# Skiles is gone!!!



## roux (Jun 20, 2006)

> USA Today's Sam Amick reported Monday night that the Bucks and Scott Skiles will part ways.


Link soon

I am so happy right now


----------



## Bubbles (Nov 12, 2005)

About ****ing time. Bring in Phil! 


Sent from my iPod touch using VS Free


----------



## roux (Jun 20, 2006)

Yup... Phil has just been biding time to get his dream job here in milwaukee...we could offer phil jackson ownership and he wouldnt come within 100 miles of this team


----------



## roux (Jun 20, 2006)

per jsonline 



> Jim Boylan will take over as interim coach of the team beginning with Tuesday's home game against Phoenix, the source indicated.


That just kinda ruined my night


----------



## narek (Jul 29, 2005)

roux2dope said:


> per jsonline
> 
> 
> 
> That just kinda ruined my night


Yep, just ask the Bulls how well that worked for them.
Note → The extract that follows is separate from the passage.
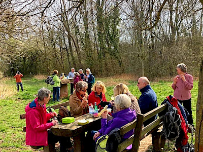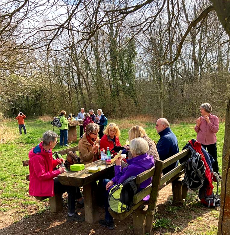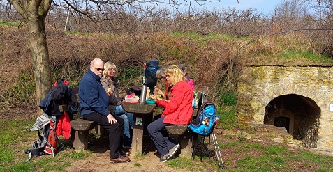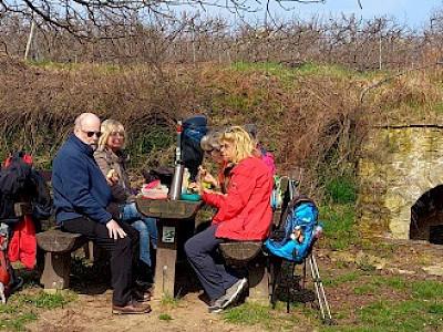 Hinter dem Ort Ludwigshöhe führt uns der Wanderweg zum Vögelsgärtenbrunnen. Hier machen wir unsere Mittagspause.

I'd thought they'd wait until the end of the season to do this, and possibly Hammond.


----------



## King Joseus (May 26, 2003)

Ha, Boylan.


----------



## RollWithEm (Jul 16, 2002)

Wait, you guys expected this Milwaukee team to be better than .500 this season? I figured they would win maybe 30 games with this roster. I think Skiles has them over-performing... just like he has done with basically every team he has ever coached. He gets the most out of his personnel. Why do you guys dislike him so much?


----------



## Bubbles (Nov 12, 2005)

His rotations are maddening.


----------



## RollWithEm (Jul 16, 2002)

Prince said:


> His rotations are maddening.


Rotations are always what piss off loyal fans of the team who watch most of their games as opposed to guys like me who have seen them play 4 or 5 times this year. I can understand that, but I still don't think this team has underachieved this season.


----------



## roux (Jun 20, 2006)

RollWithEm said:


> Rotations are always what piss off loyal fans of the team who watch most of their games as opposed to guys like me who have seen them play 4 or 5 times this year. I can understand that, but I still don't think this team has underachieved this season.
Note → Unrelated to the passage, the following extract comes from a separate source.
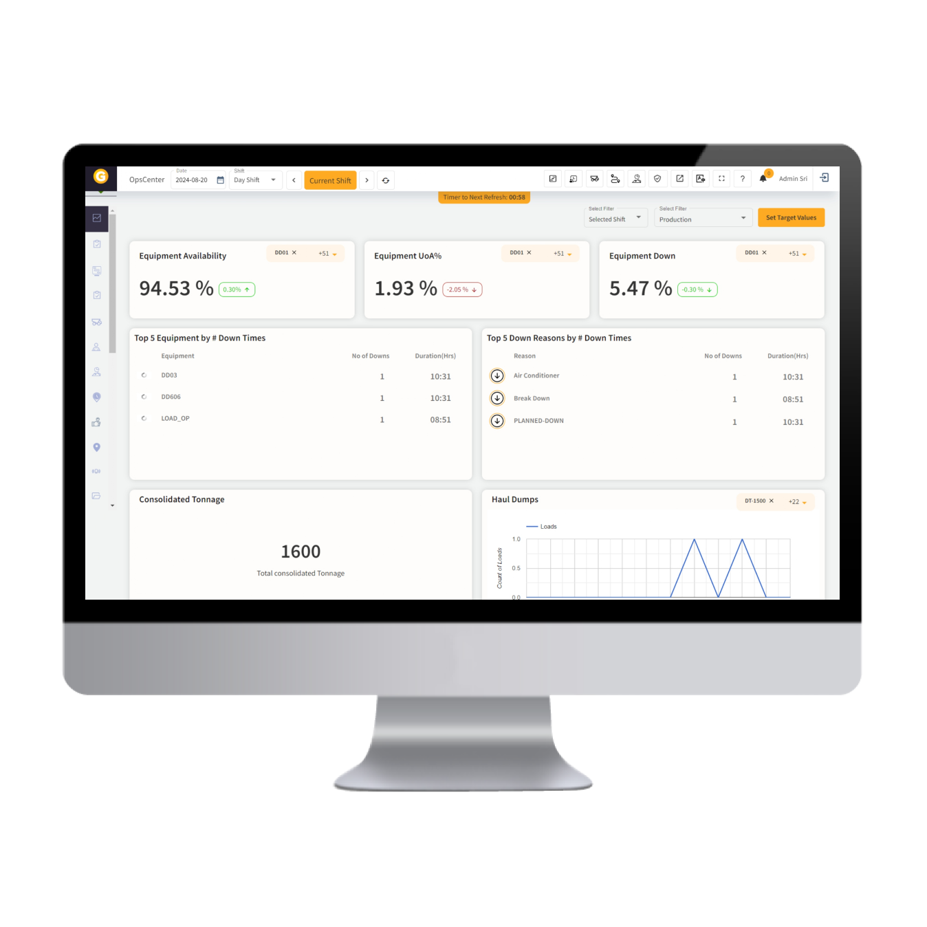 Advanced AI based algorithms use real time loading and haulage performance data at each loading point to dynamically allocate Haul Trucks to Shovel/Front Wheel Loaders.

If you look at any bucks win this year it usually involves one of or both of Jennings or Ellis going off. Those guys can win a game by themselves at times, but they can be equally as bad for the team when their shot isnt falling... hence a .500 record


----------



## narek (Jul 29, 2005)

http://www.jsonline.com/sports/bucks/players09-qq8a36h-186114351.html

reaction from the team:



> Ersan Ilyasova:
> 
> "It's not easy, but sometimes change motivates a person." . . .
> 
> "It's not a big deal whether you start or not. My main concern always was with the minutes. I didn't expect to play less than what it was last year. It didn't motivate me well. Now with Jim Boylan as head coach, we had a good conversation in the morning. I'm really looking forward to it and I will try to bring everything I've got so we can be successful as a team."


----------



## RollWithEm (Jul 16, 2002)

roux2dope said:


> If you look at any bucks win this year it usually involves one of or both of Jennings or Ellis going off. Those guys can win a game by themselves at times, but they can be equally as bad for the team when their shot isnt falling... hence a .500 record


Right. This team's personnel is structure in such a way that one of those two guys (and a lot of times both) has to dominate in the scoring column for them to have a chance to win. I don't necessarily blame the coach as much as the GM for that set of circumstances.


----------



## roux (Jun 20, 2006)

RollWithEm said:


> Right. This team's personnel is structure in such a way that one of those two guys (and a lot of times both) has to dominate in the scoring column for them to have a chance to win. I don't necessarily blame the coach as much as the GM for that set of circumstances.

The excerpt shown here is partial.